GUANTANAMO BAY NAVAL BASE, Cuba – Marines and Army military police drilled on how to transfer suspected terrorist prisoners of the al-Qaida and Taliban movements to this Caribbean outpost Thursday as U.S troops 8,000 miles away moved out the first group of hooded and chained prisoners from Afghanistan.
“Obviously this is a unique situation, a historic situation…obviously, as they get closer it’s getting a little more intense,” reported Army Lt. Col. Bill Costello, chief spokesman for the operations at this base known as “Gitmo.”
As he spoke, military police who had hastily built a prison camp of 100 cage-like cells made of chain-link fences rehearsed “the route of march” to move presumed dangerous prisoners from the airstrip.
The first prisoners are expected as soon as Friday.
“The one thing about security is it is never enough,” the colonel said, still withholding the exact arrival time and number of detainees in the first contingent.
Eventually, the camp could house 2,000. “There’s always something else you can do, another sandbag that can be filled.”
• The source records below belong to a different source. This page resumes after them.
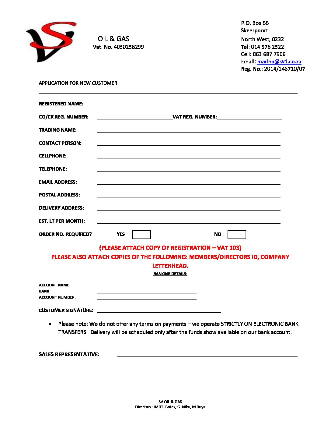 Application for new customer- Oil & Gas
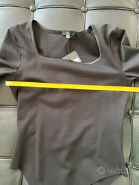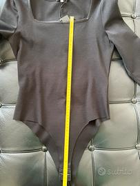 Bodysuit nero Modello sgambato Scollo a barca Elasticizzato Nuovi con cartellino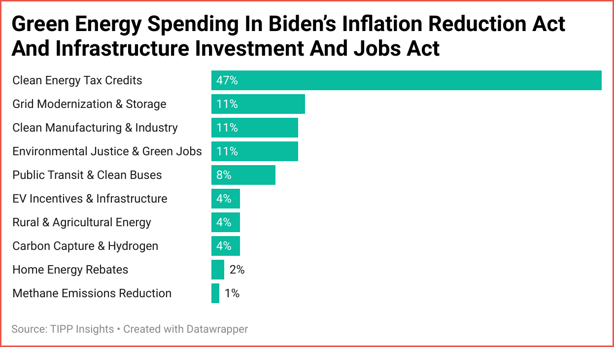 The Inflation Reduction Act (IRA) 2022 contained "Climate and energy investments" of approximately $369 billion over 10 years. These included $270 billion for clean energy tax credits to support wind, solar, geothermal, and other renewables; clean hydrogen production; and carbon capture and storage technologies. Buyers of electric vehicles would get up to a $7,500 tax credit for new EVs and up to a $4,000 tax credit for used EVs (with income and manufacturing origin restrictions). Tax credits and funding for domestic manufacturing of solar panels, wind turbines, batteries, and critical minerals exceeded $60 billion. Rebates for energy-efficient appliance upgrades, heat pumps, insulation, and home weatherization exceeded $60 billion under the Green Jobs and Environmental Justice banner.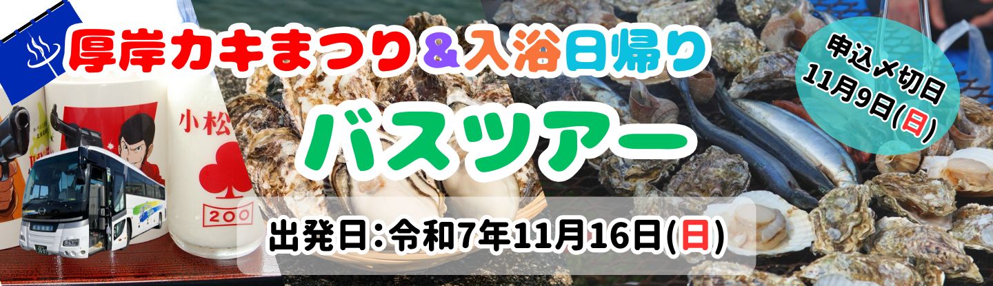 - R7.11月16日(日)『厚岸カキまつり&入浴日帰りバスツアー』開催のお知らせ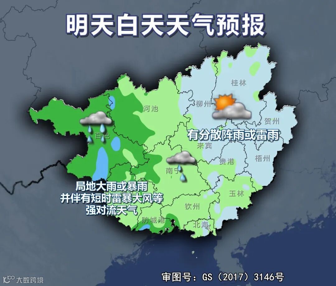 和河池、南宁两市西部将有大雨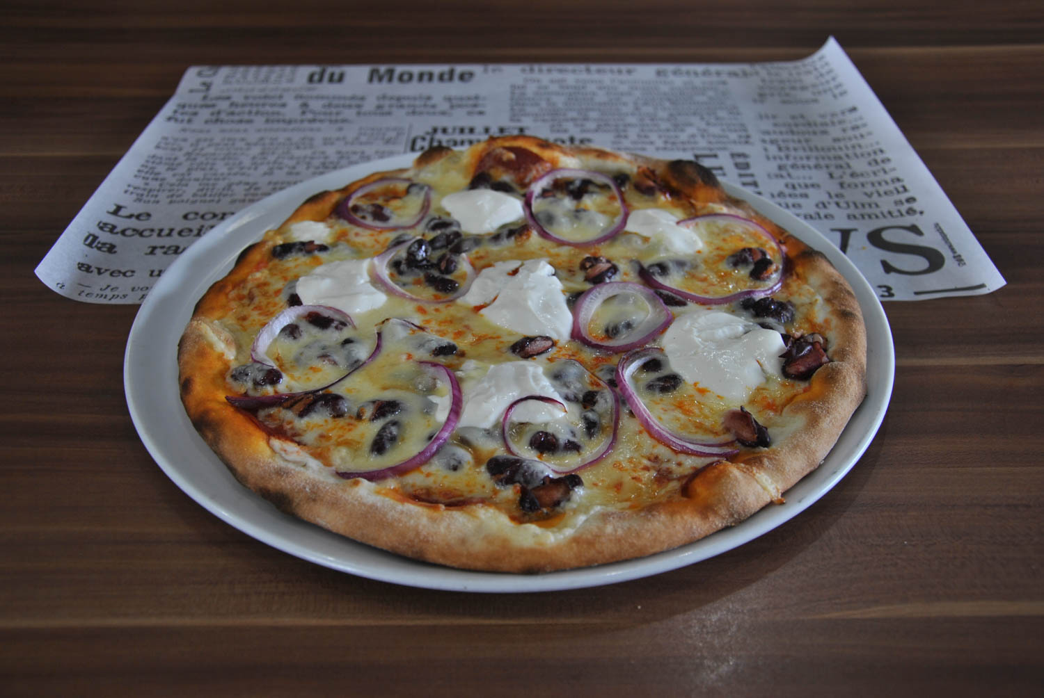 vékony tészta, tejfölös alap, kolbász, bab, hagyma, füstölt sajt, tejföl a tetején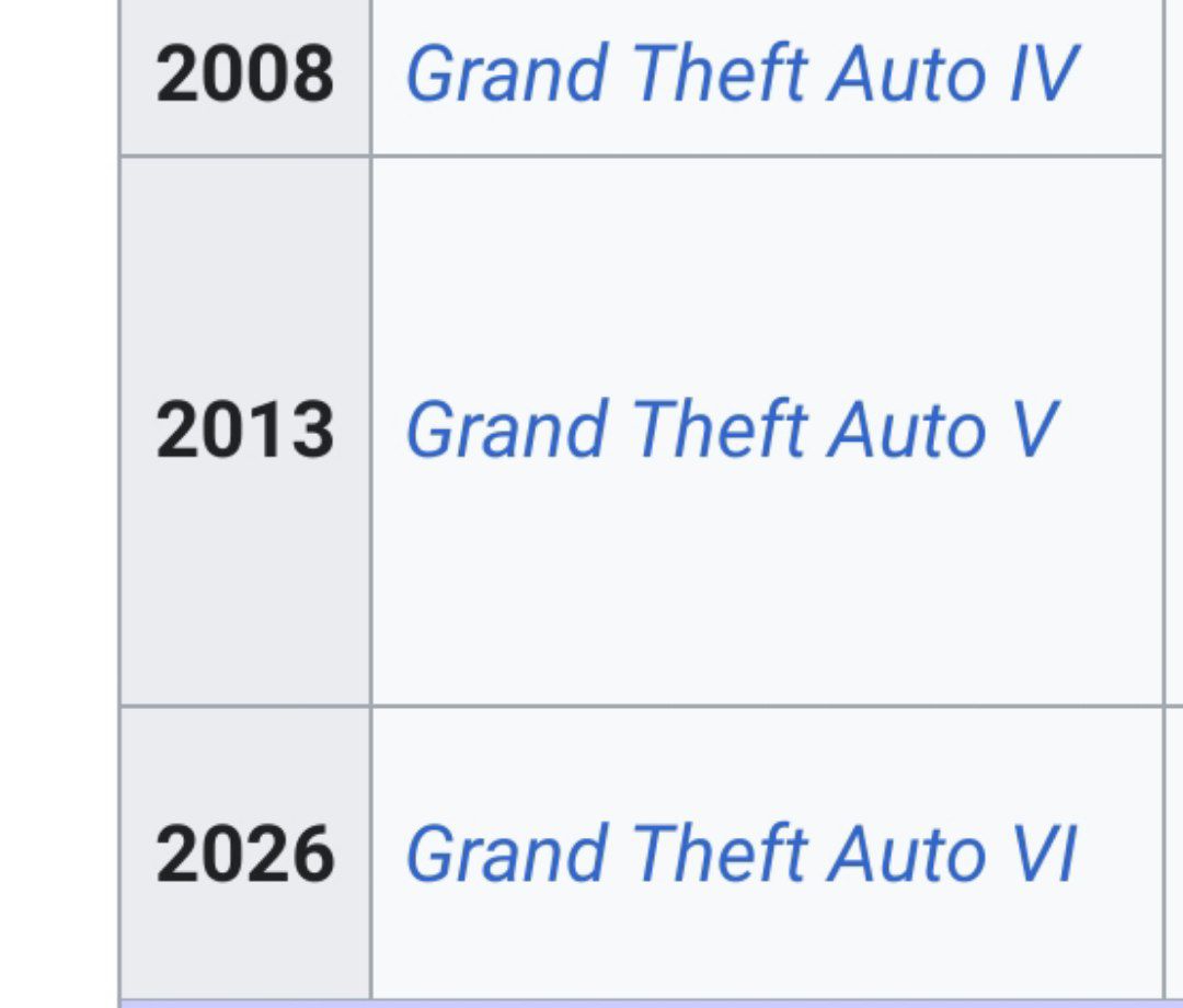 >>9911677 Так по логике этой пикчи гта6 должна была выйти в окне между июлем 2025 и январём 2026, спустя 3 полугодия, как гта5 и рдр2. Но она выйдет КАК МИНИМУМ в конце 2026, плюс если посмотреть на переносы, то у гта5 он был один, а у рдр2 уже два. Тут можно сделать что по вектору в гта6 должно быть три переноса, а мы увидели только два, а значит ещё может быть перенос на весну-осень 2027 года.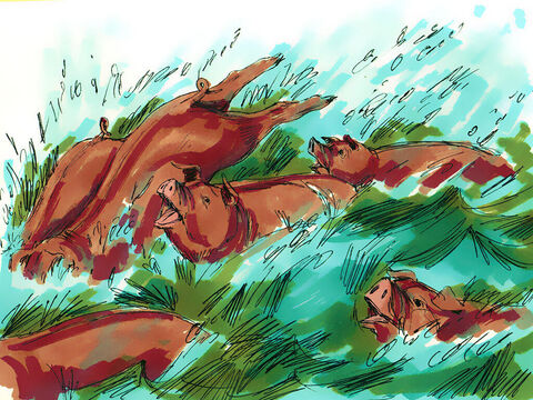 33 귀신들이 그 사람에게서 나와 돼지에게로 들어가니 그 떼가 비탈로 내리달아 호수에 들어가 몰사하거늘
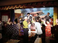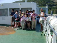 | 帰りのフェリーで。 | お約束のカチャ―シー | この平野さん3:30過ぎまで飲んで踊って、すごい元気な方です。 |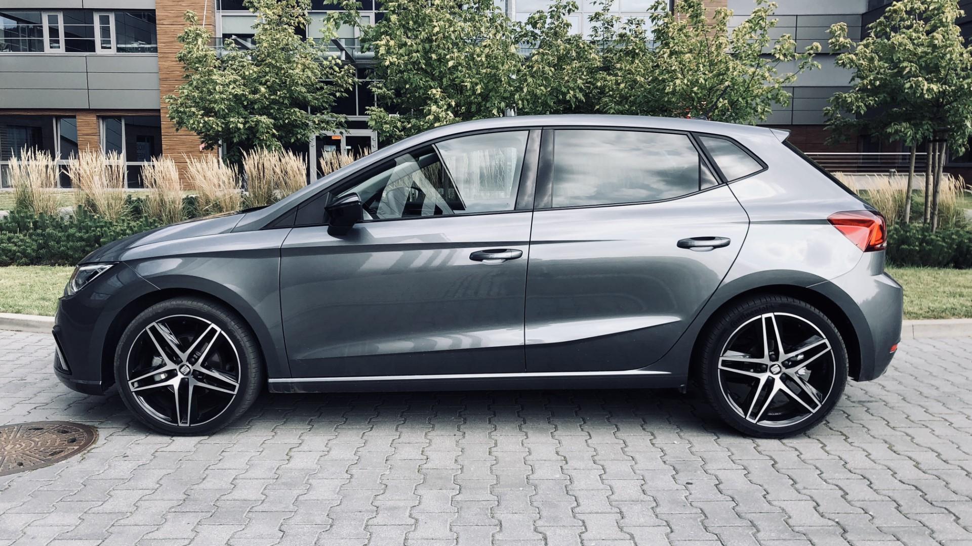 Z boku auta dzieje się już dużo więcej. Najbardziej rzucającą się zmianą są felgi – tu w standardzie są 17-calowe alufelgi (nasz egzemplarz ma opcjonalne 18-ki). Zwykła Ibiza wyjeżdża z salonu na 15-calowych felgach stalowych. Idąc dalej, zauważymy lusterka lakierowane na kolor czarny. Ci najbardziej spostrzegawczy dostrzegą jeszcze jeden detal – słupek B. W zwykłej Ibizie jest on wykończony czarnym, matowym plastikiem, z kolei w FR – również jest czarny, ale błyszczący.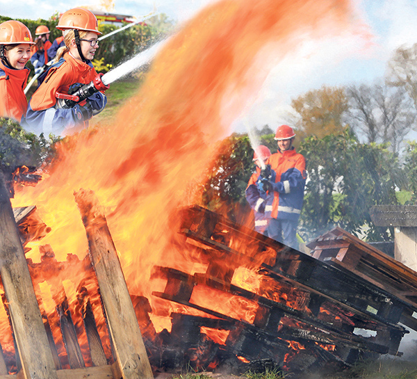 Zur Überraschung der Kids loderte ein echtes riesiges Feuer auf dem Gelände des Hofes der Firma Wendel in Zwingenberg. Unter der Leitung der Einsatzführer baute man schnell die Wasserversorgung auf und ein startete den erstern Löschangriff. Foto: soe

Planners are mindful of the uprisings staged by Taliban prisoners in Afghanistan. In some instances, they managed to seize their captors’ weapons, and in one incident killed a CIA agent, Johnny “Mike” Spann, inside a prison.
So the transfer is expected to be a delicate maneuver.
The prisoners may need to take a ferry that links the single airstrip serving Guantanamo on one side of the base to the cages where they’ll be housed, on the other side. It is the usual route of transportation for anyone arriving at this isolated outpost that is reachable only by U.S. military approved aircraft or sea vessels.
The use of large helicopters is another option.
Even before the arrival, security on the transfer mission was tight. CNN footage from Kandahar, Afghanistan, showed a group of about 20 prisoners shuffling to an airplane in chains with hoods over their heads.
Amnesty International issued a statement criticizing the methods of the transfer. Among other things, the group said, the use of hoods and shackles was
“worrying” because this appeared to violate standards of humane treatment.
The conditions of confinement, including the use of small cages “would also fall below minimum standards for humane treatment,” the organization said.
Reports suggested the detainees, not technically prisoners of war under the rules of the Geneva Convention, would be chained to their seats, perhaps sedated and forced to use portable urinals in order to minimize the opportunity for mid-air violence.
Military escorts also declared a blackout on the details of the transfer, once it is accomplished.